FABULATIONS

FABULATIONS

décider n'est pas choisir.

Juillet 2015, il est 7H45 lorsque je me rends dans ce couloir sinistre. L'avant veille, je l'avais déjà foulé pour me retrouver face à cette infirmière qui me tendrait deux cachets, deux cachets blancs et un verre d'eau, attendant face à moi que je les avalasse. Aujourd'hui encore, je pourrais décrire chaque millimètre parcouru par ces deux corps étrangers, aujourd'hui encore, dans la solitude de ce cabinet, exténuée par ces journées de travail acharné, je pourrais ressentir cette douleur du geste que l'on commet alors qu'on voudrait fuire. Seule, seule dans cette salle d'attente quasi déserte, des dizaines de chaises inoccupées, sauf une sur laquelle est assise une très jeune fille, une jeune fille au visage qui ne m'est pas inconnu, une jeune fille que je recroiserais très vite, sur le lieu même de mon travail. Seule ensuite pour m'assoir sur cette chaise, écouter les consignes qui me semblent lointaines, les effets que je voudrais oublier, ce coeur qui va s'arrêter. Seule, le geste tremblant, hésitant mais la voix ferme pour voir ces comprimés passer de sa main à la mienne. Seule pour soutenir son regard, ce visage inexpressif, cette tacite contrainte. Seule pour pour porter l'exécution à ma bouche. Songer un instant la retenir, la garder sous ma langue mais rendre les armes face à ce visage qui attend. C'est seule également que je quitterais vidée, ahurie les lieux. Seule que je m'endormirais grâce à ces anxyoliques précieux.
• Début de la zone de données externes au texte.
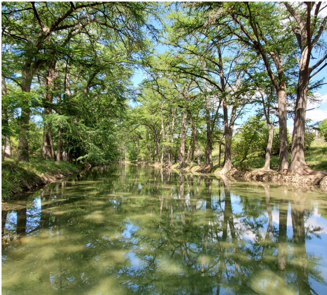
2021 Texas Water Leaders Programs certificate recipients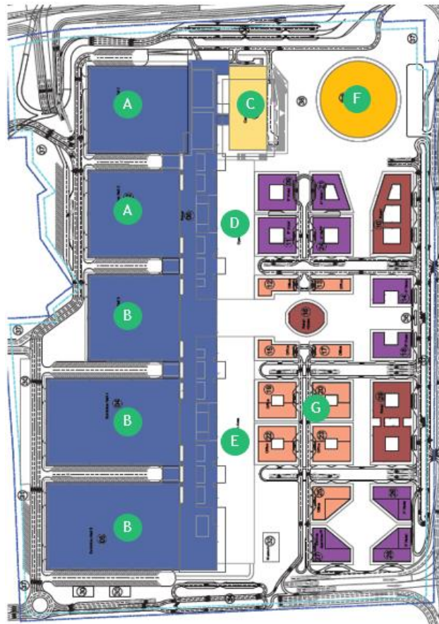
Fig. 2: Layout concept of IICC as per indicative master plan

1.1.5 The IICC district is proposed to include approximately 300,000 sq. m. of covered exhibition space (240,000 sq. m. of indoor exhibition space, 60,000 sq. m. of foyer space) and 60,000 sq. m. of convention space, as well as 50,000 sq. m. of outdoor exhibition space. In addition, it is planned to contain a sports arena of approximately 50,000 sq. m., approximately 260,000 sq. m. of hotel space, and approximately 380,000 sq. m. of commercial space for retail, entertainment and class-A offices. Approximately 28,000 basement-level car-parking spaces are also proposed. The size and diversity of the IICC suggests that each area will have unique features that define both the challenges and the opportunity to stimulate investment and generate a desirable level of success.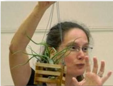
Show & Tell - Till bulbosa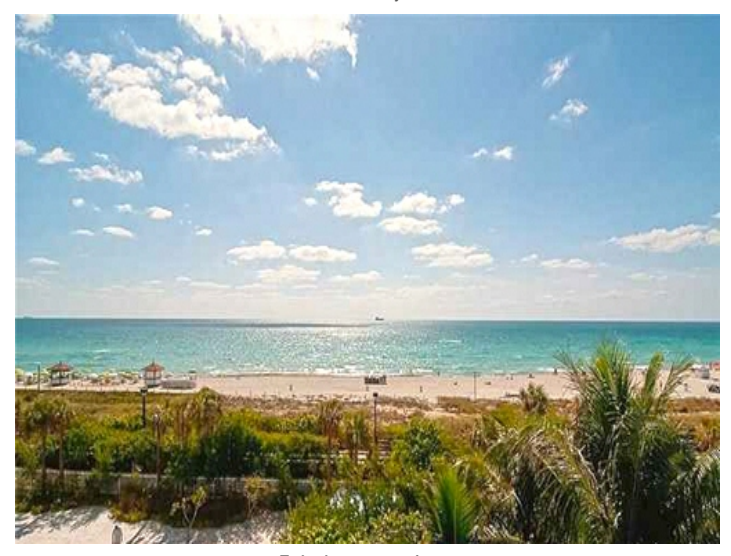
Fabulous sea views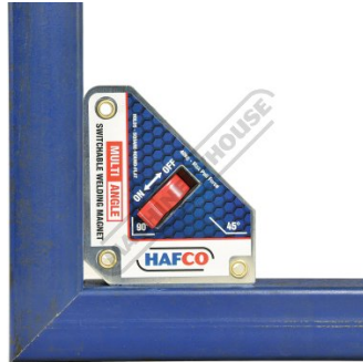
Shown Set Up in 90 Degrees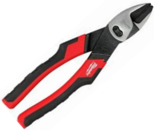
8" DIAGONAL PLIERS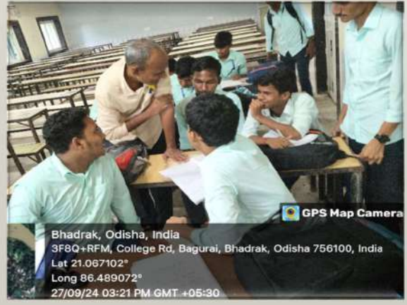
Bhadrak, Odisha, India 3F8Q+RFM, College Rd, Bagurai, Bhadrak, Odisha 756100, India Lat 21.067102° Long 86.489072° 27/09/24 03:21 PM GMT +05:30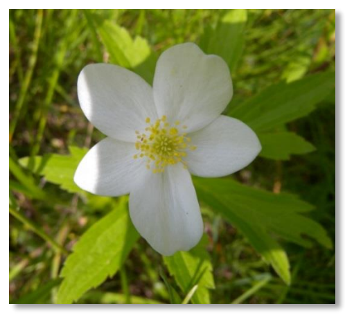
Single flower extending from a whorl of leaf-like bracts

Name: Canada Anemone (Anemone canadensis)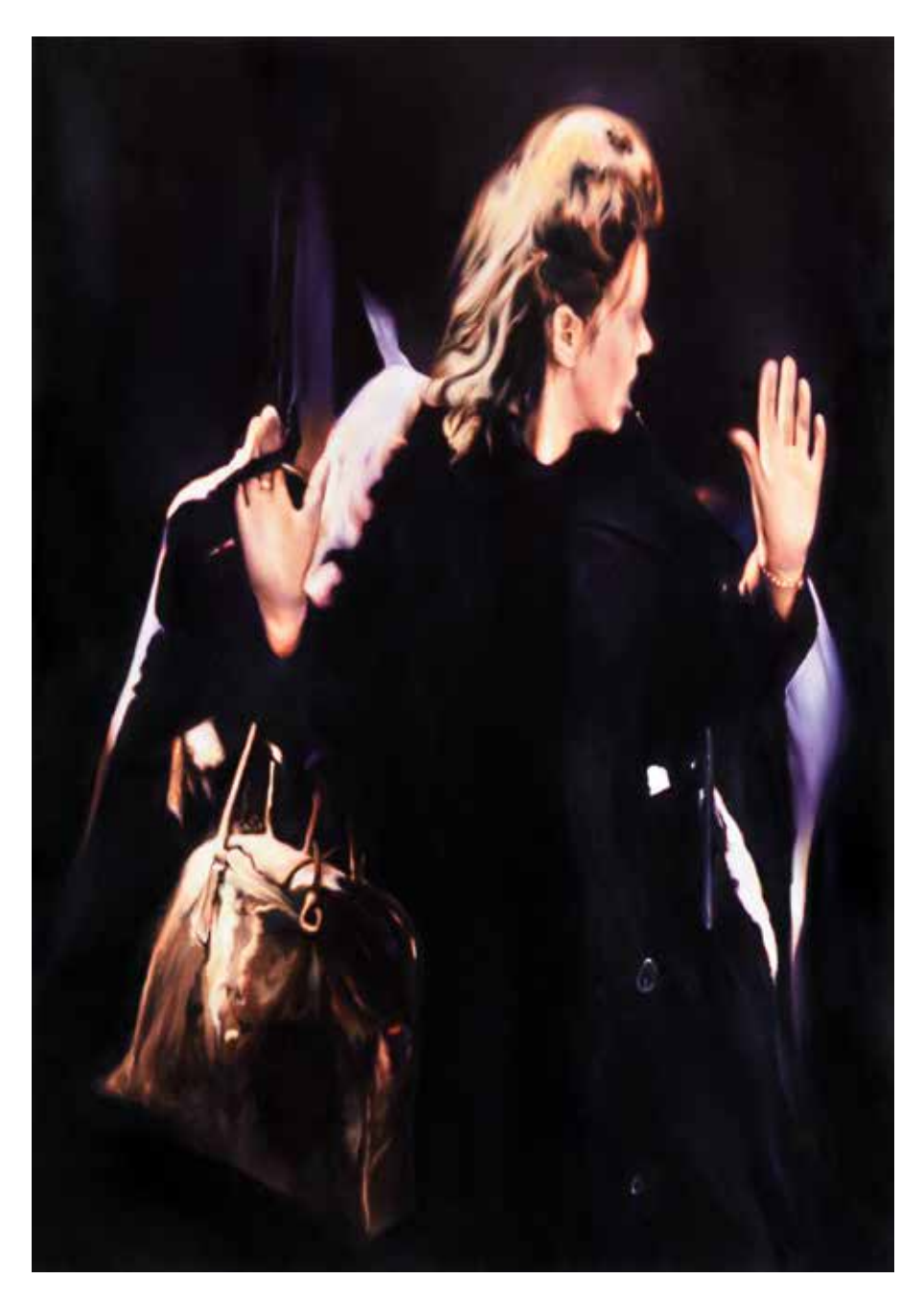
Fig. 5. Nir Hod, Mother, 2012, photograph, paintings (multimedia) – pigment print with hand-colored pastel and pigment powder on paper.

Mais en ce vendredi matin, je ne suis pas seule. Il est là, froid, distant mais présent. Si je suis là, c'est pour lui, pour ces enfants à lui, si je suis là, c'est parce que je n'ai pas su  dire non, je l'ai certes écrit mais cet écrit là ne faisait pas le poids face à son choix à lui.

Quelques semaines plus tôt, il était rentré précipitamment d'Espagne où il coulait des jours paisibles. Notre histoire pourrissait, notre amour se tarissait incapable de lutter face à l'adversité, incapable d'assumer cette liaison réprimée. Le verdict était tombé, la grossesse confirmée et il fallait l'arrêter, il n'y avait pas à discuter. Il est de ceux dont on ne discute pas les choix, il est de ceux qui détiennent toujours la vérité. Il est de ceux contre qui on ne peut pas lutter. Je me suis résignée. J'ai hurlé à l'écrit mes doutes, mon désespoir. J'ai tenté de ne pas donner ce coup de fil fatal, de dormir pour ne pas avoir à téléphoner à ce service mortifère mais il m'a réveillée, il m'a tendu le combiné et il a attendu que le rendez vous soit fixé. Un rendez-vous pour lequel il m'accompagnerait, pour savoir, pour comprendre et...pour décider.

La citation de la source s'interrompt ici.